Kann man nicht so genau sagen, die Motivationen einer Person sind komplex.
Magersucht kann ja durchaus z.B. mit einem erhöhten Kontrollgefühl zu tun haben (nach dem Motto "wenn ich viele Dinge in meinem Leben nicht kontrollieren kann, dann wenigstens das"), sogar mit einem Überlegenheitsgefühl ("im Gegensatz zu Andere stehe ich über meinem Hungertrieb und habe mich im Griff").
Außerdem werden problematische Aspekte des Verhaltens (Lebensgefahr z.B.) tatsächlich ausgeblendet.
An der Idee, dass Magersüchtige "nur Aufmerksamkeit wollen" stören mich zwei Dinge: 1) es ist eine extrem vereinfachte Vorstellung zur Motivation von Magersüchtigen. Das Thema ist komplex und die Beweggründe können von Fall zu Fall unterschiedlich sein. Es auf eine Motivation herumterzubrechen ist meist zu vereinfacht.

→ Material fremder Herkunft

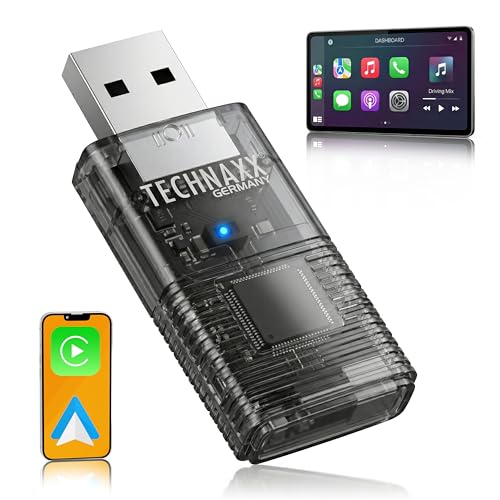Technaxx Trådlös CarPlay & Android Auto Adapter – Uppgradering från Kabel till Trådlös, 2,4/5GHz WiFi & Bluetooth 4.2, Plug & Play med USB-C & 90° Adapter – TX-346

2) da steckt auch eine gewisse Verharmlosung drin, nach dem Motto "es ist eigentlich kein Problem, die Person will ja nur Aufmerksamkeit". Was dabei ignoriert wird oder nicht anerkannt wird, ist, dass wenn eine Person so stark Aufmerksamkeit will, weil sie so sehr das Gefühl hat missachtet zu werden und Anderen egal zu sein, dass das ein echtes, behandlungsbedürftiges Problem ist. Es ist überhaupt nicht harmlos, wenn eine Person "nur Aufmerksamkeit will" - das ist eine echte psychologische Problematik. Das ist ja auch der Kern der histrionischen Persönlichkeitsstörung - das sind Menschen, die sich im Prinzip sehr unwichtig fühlen, als wären sie egal, und die deswegen auffallen wollen und theatralisches Verhalten umsetzen, um sozusagen das Gefühl der Unwichtigkeit zu kompensieren. Das ist ein echtes behandlungsbedürftiges Problem.
Es ist ein normales, natürliches Bedürfnis, dass man eine Bedeutung für irgendjemanden haben möchte , dass man also Aufmerksamkeit will. Das Problem ist nur, wenn Leute sich von vornherein umwichtig fühlen und dieses Erleben mit dysfunktionalen Strategien kompensieren.
"Aufmerksamkeit wollen" muss man aus einer therapeutischen Perspektive absolut ernst nehmen und nicht belächeln. Nachvollziehbar ist auch, dass Interaktionspartner das nicht immer leisten können bzw. dass der Wunsch nach Aufmerksamkeit wie ein Fass ohne Boden wirkt (was er auch ist, wenn die Person sich unwichtig fühlt und es über dysfunktionale Strategien kompensiert. Weil die Person dadurch nicht das Gefühl bekommt als Person wichtig zu sein, sondern eben nur sowas wie Ersatzaufmerksamkeit zu bekommen, wenn sie halt Drama produziert. Das Bedürfnis wird also nicht wirklich gestillt).